First Author

The paper on page 315 marks the end of an era in human genetics. It presents the annotated sequence of chromosome 1, the final human chromosome to be ‘completed’ by the Human Genome Project. Although, as with all human chromosomes, some gaps in information remain, the paper means that virtually the whole human genome has now been sequenced and annotated. Simon Gregory, a molecular geneticist at Duke University in Durham, North Carolina, spoke to Nature about the latest paper and what the future might hold for human genetics.

How has the annotation of human chromosomes altered over the years?

There are a lot more data to draw from. For chromosome 1, we were able to overlay the additional data sets on top of the sequenced DNA. There are now much richer sets of data and better resources to work with, so the final product is more valuable to researchers.

Has our understanding of DNA changed?

The interesting thing will be finding out what the non-coding regions do. In the early days, these were dismissed as ‘junk DNA’, but I think we're learning that genes might be the horses and that regions of non-coding DNA are the jockeys.

What have you learned from being part of such a large project for so long?

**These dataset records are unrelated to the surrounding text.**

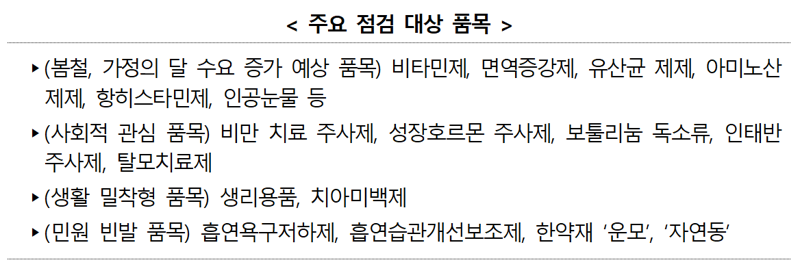 주요 점검내용은 △제품 용기·포장의 표시 사항 적정성 △허가받은 효능·효과를 벗어난 표시·광고 △소비자 오인 우려 광고 △전문의약품의 불법 대중 광고 등이다.
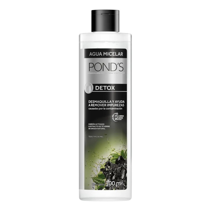Agua Micelar Detox Pond's con carbón activado que es reconocido por su acción adsorbente limpia y remueve las impurezas de la piel.
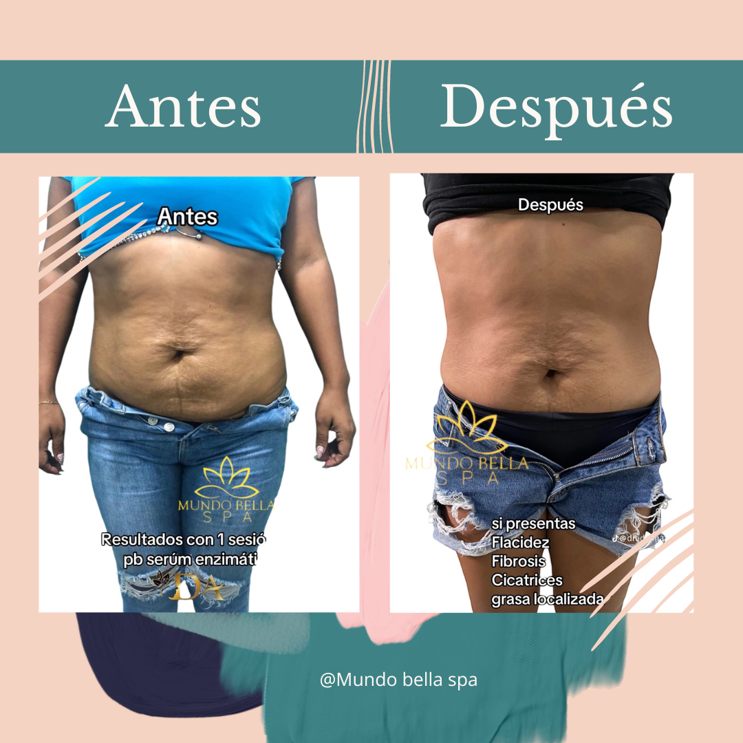 Las enzimas PB Serum están diseñadas a través de un proceso complejo biotecnológico actuando de manera selectiva donde la piel lo necesita. La sinergía de estas enzimas ayuda a reducir volumen y grasa localizada sin dañar tejidos. Favorece el drenaje linfático, mejora la microcirculación y la apariencia de la piel.
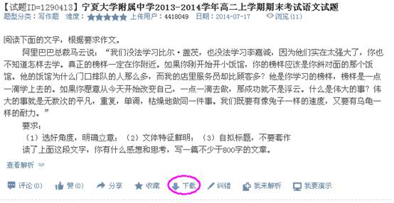 页面中每道试题的下部均有下载按钮,若需要下载试题,请点击此按钮。
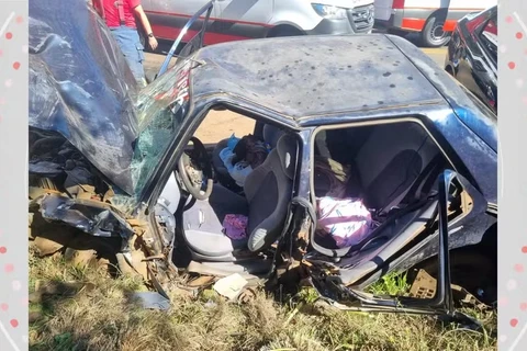 Quatro crianças ficam feridas e mãe fica presa às ferragens após carro da família bater de frente com outro, em Guarapuava
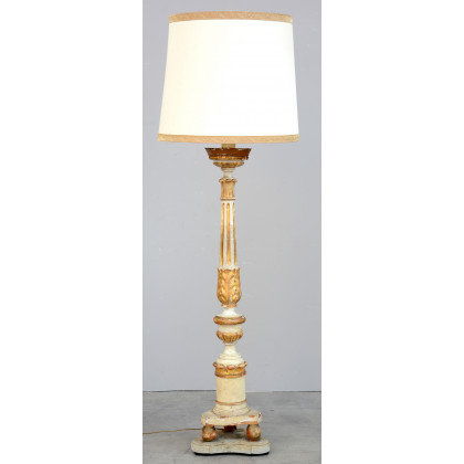 Candeliere in legno laccato e dorato con fusto tornito e scanalato intagliato a motivi vegetali. Sec. XIX (montato a luce elettrica in epoca posteriore)(difetti)
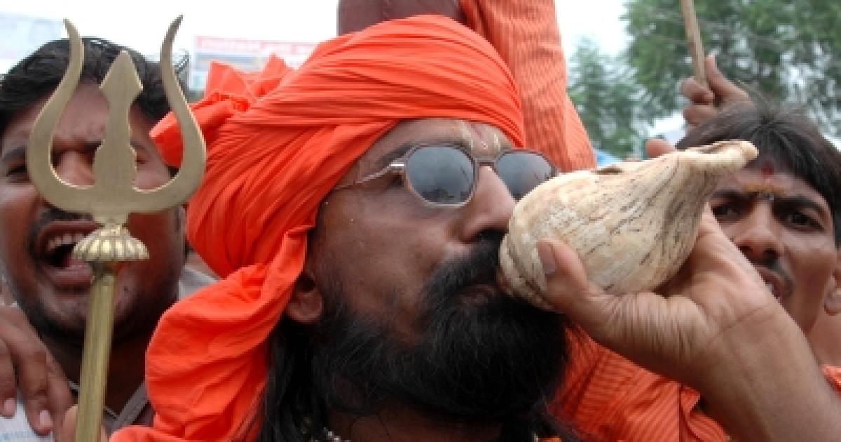 Image: A sadhublows into a conch shell during a protest in Allahabad

I've been working on chromosome 1 for nine or ten years. It's been a fantastic project to be involved with — working with people from multiple cultures and continents. And it has established the ethos for publishing results in the public domain, which has had a knock-on effect for other projects.

How does your move from the Sanger Institute to Duke University mark your place in the Human Genome Project?

Careers have been put on hold for this once-in-a-lifetime opportunity. When you finish the annotation, you hand it over to the scientific community, to groups who learn how these genes play a role in biology and disease. I came to Duke because I want to work on diseases; I want to be a user of the sequence rather than a generator.

Is it odd not working in the genome project?

The Human Genome Project was fantastic, but it was operated in a rarefied atmosphere. There wasn't competition for grants in the traditional sense, as the roles of the sequencing centres were established early on. The only competition was of the fierce but friendly type to see who could get the most done. Outside the project, it's the real world. There's much more competition. You've got to face the real world yourself.